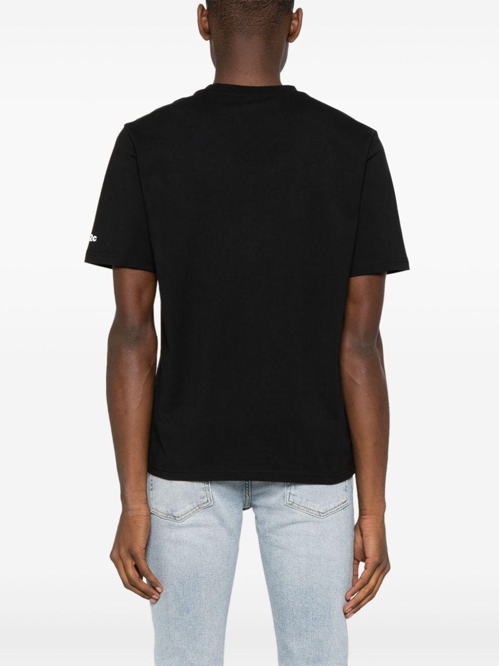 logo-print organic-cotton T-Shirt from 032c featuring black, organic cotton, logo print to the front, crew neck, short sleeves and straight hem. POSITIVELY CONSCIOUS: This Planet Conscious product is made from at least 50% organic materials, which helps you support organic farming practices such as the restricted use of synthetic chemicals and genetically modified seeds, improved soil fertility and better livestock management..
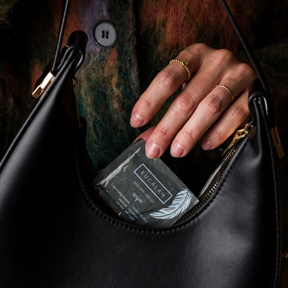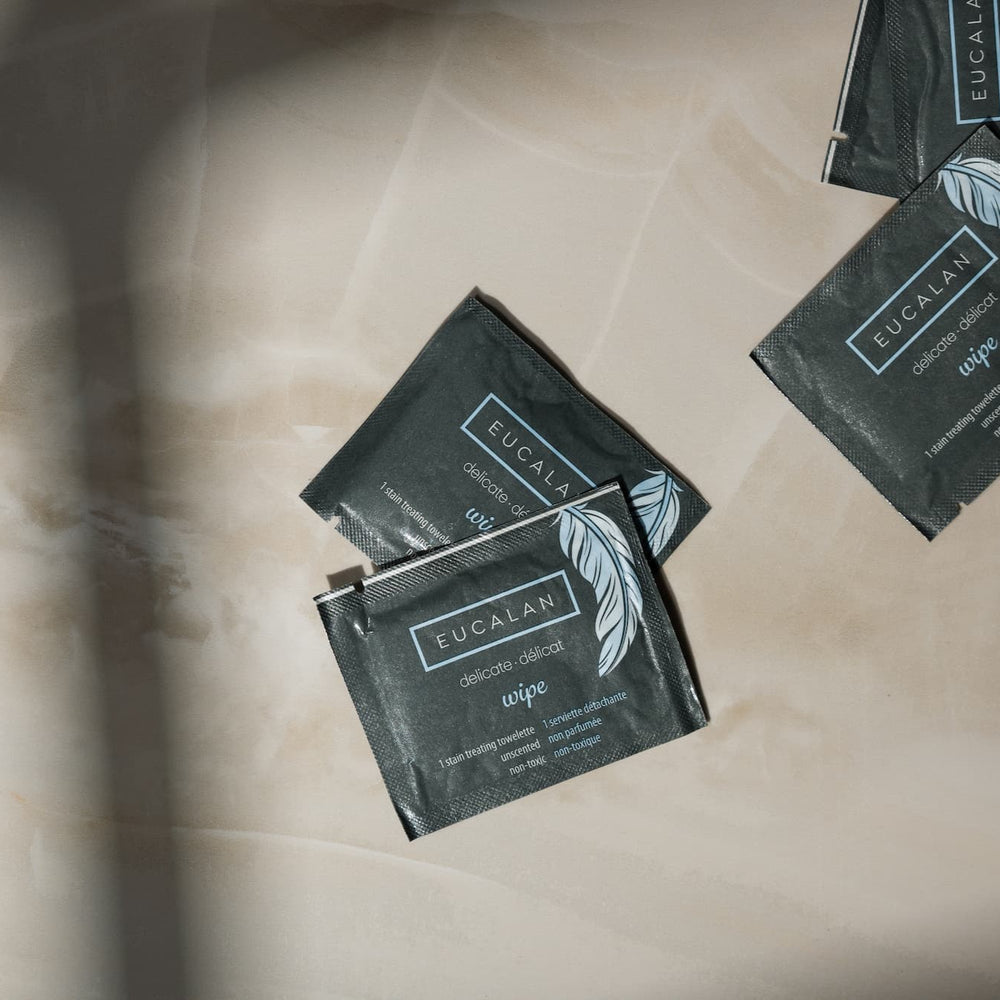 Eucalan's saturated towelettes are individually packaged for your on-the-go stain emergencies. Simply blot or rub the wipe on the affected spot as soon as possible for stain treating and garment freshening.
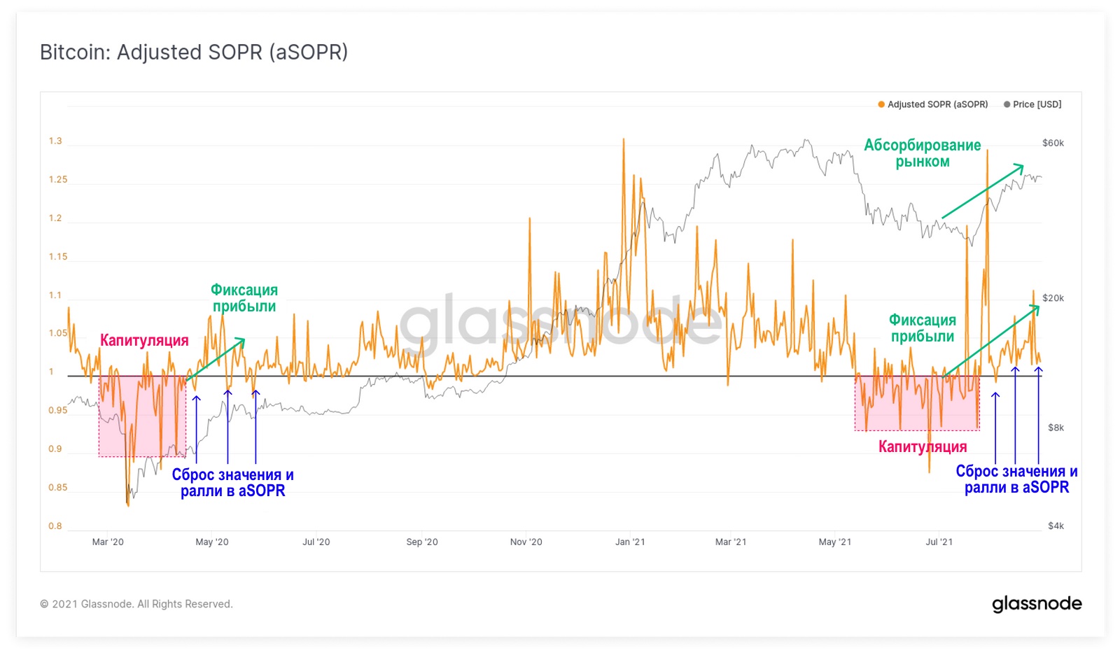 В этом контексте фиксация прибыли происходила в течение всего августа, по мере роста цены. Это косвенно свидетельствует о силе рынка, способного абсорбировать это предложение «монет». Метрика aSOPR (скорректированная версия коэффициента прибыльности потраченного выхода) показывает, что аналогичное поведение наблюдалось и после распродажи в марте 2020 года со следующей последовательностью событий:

• • • • • • •

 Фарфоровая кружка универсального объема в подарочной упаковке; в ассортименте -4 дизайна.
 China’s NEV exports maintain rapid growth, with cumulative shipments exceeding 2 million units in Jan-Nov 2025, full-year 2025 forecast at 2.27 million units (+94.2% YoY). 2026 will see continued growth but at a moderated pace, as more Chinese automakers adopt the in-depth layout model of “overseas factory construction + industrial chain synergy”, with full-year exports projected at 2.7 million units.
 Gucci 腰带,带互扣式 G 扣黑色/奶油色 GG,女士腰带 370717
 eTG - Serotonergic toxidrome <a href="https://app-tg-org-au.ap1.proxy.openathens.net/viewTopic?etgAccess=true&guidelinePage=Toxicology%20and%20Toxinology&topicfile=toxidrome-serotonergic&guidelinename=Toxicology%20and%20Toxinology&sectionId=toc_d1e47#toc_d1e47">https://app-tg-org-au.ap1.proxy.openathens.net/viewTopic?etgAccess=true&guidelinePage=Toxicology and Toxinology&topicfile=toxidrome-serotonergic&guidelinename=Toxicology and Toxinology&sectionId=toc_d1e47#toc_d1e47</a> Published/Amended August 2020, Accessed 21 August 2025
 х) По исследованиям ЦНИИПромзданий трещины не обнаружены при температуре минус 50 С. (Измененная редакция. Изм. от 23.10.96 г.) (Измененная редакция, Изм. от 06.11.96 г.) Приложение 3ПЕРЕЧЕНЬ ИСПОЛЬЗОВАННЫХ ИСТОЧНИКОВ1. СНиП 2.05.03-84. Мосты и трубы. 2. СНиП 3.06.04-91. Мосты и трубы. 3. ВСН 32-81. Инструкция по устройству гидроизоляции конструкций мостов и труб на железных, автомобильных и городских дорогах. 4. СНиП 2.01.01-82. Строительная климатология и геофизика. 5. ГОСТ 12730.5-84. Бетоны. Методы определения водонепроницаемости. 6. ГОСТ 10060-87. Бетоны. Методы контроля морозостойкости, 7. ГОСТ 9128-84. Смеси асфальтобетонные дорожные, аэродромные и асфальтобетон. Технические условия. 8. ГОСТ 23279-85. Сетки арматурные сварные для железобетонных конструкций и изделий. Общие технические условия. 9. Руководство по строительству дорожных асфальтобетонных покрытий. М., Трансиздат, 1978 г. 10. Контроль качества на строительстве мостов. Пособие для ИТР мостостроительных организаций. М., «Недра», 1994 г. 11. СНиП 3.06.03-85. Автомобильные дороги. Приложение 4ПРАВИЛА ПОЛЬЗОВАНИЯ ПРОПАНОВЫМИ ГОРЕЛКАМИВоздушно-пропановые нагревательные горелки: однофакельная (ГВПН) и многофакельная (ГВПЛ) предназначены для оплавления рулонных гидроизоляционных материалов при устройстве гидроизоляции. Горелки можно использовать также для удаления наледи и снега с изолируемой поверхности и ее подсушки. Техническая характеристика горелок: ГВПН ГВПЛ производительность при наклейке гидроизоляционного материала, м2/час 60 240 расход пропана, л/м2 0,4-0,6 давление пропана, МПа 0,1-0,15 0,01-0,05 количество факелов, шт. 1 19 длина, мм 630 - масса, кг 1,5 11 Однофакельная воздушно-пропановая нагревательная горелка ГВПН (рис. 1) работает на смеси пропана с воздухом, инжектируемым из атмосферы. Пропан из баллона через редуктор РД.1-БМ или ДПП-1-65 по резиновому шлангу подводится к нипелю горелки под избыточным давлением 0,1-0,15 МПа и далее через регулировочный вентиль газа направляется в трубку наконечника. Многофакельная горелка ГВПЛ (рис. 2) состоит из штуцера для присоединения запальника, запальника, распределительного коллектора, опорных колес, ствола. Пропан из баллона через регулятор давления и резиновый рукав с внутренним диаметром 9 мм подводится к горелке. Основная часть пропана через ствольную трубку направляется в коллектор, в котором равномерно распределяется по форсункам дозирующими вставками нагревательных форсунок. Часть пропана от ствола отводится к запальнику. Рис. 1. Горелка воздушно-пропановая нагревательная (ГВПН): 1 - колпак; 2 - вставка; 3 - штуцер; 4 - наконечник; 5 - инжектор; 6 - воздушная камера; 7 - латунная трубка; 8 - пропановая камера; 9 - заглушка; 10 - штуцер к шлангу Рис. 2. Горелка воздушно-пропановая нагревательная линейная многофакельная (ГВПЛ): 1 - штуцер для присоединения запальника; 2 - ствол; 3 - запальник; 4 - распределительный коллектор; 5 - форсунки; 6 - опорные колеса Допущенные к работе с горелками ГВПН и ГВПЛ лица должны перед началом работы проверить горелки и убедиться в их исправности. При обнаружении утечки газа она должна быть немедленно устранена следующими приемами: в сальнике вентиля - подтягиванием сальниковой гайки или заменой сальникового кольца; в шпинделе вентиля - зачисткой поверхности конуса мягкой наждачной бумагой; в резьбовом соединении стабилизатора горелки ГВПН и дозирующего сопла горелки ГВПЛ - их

• • • • • • •

Work instruction:
Within the listing above, find the line containing "logo-print organic-cotton T-Shirt" and the line containing "В этом контексте". Transcribe them and everything between them exactly, leaving out the pictures.

Written reply:
 logo-print organic-cotton T-Shirt from 032c featuring black, organic cotton, logo print to the front, crew neck, short sleeves and straight hem. POSITIVELY CONSCIOUS: This Planet Conscious product is made from at least 50% organic materials, which helps you support organic farming practices such as the restricted use of synthetic chemicals and genetically modified seeds, improved soil fertility and better livestock management..
 Eucalan's saturated towelettes are individually packaged for your on-the-go stain emergencies. Simply blot or rub the wipe on the affected spot as soon as possible for stain treating and garment freshening.
 В этом контексте фиксация прибыли происходила в течение всего августа, по мере роста цены. Это косвенно свидетельствует о силе рынка, способного абсорбировать это предложение «монет». Метрика aSOPR (скорректированная версия коэффициента прибыльности потраченного выхода) показывает, что аналогичное поведение наблюдалось и после распродажи в марте 2020 года со следующей последовательностью событий:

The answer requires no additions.